Hyperloop One has released the first photographs of its "proof of concept" test track near Las Vegas, Nevada, and there's now also a couple short videos online. Slashdot reader angry tapir quotes Computerworld: The company revealed its progress on Tuesday at the Middle East Rail conference in Dubai, sharing pictures and footage of its Nevada development site dubbed "DevLoop." Taking Elon Musk's Hyperloop concept of a levitating pod in a low-pressure tube, Hyperloop One has developed what is so far the only full-scale, full-system Hyperloop test site...and says it plans to test the entire apparatus this year.
In addition, Investopedia reports that Hyperloop One has now also signed letter of intent agreements to investigate the feasibility of building more hyperloop systems in Finland and the Netherlands.

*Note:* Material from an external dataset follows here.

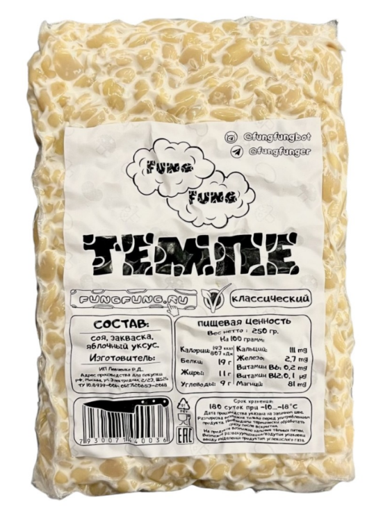 Темпе – это довольно новый продукт для белорусского рынка. Производят темпе из вареных и ферментированных соевых бобов, которые формируются в брикеты и обладают легким ореховым вкусом. Этот соевый продукт является одним из самых высоко питательных, так как богат магнием, калием, железом и фосфором.

18 of 223 comments (clear)

  1. thunderf00t says bs! by Anonymous Coward · · Score: 2, Interesting

    Thunderf00t does debunk video of hyperloop

    1. Re:thunderf00t says bs! by JustAnotherOldGuy · · Score: 2

      Thunderf00t does debunk video of hyperloop

      And he did a good job if it, too. Even if just one or two of the points he raises are valid, the whole thing becomes an insurmountable engineering nightmare.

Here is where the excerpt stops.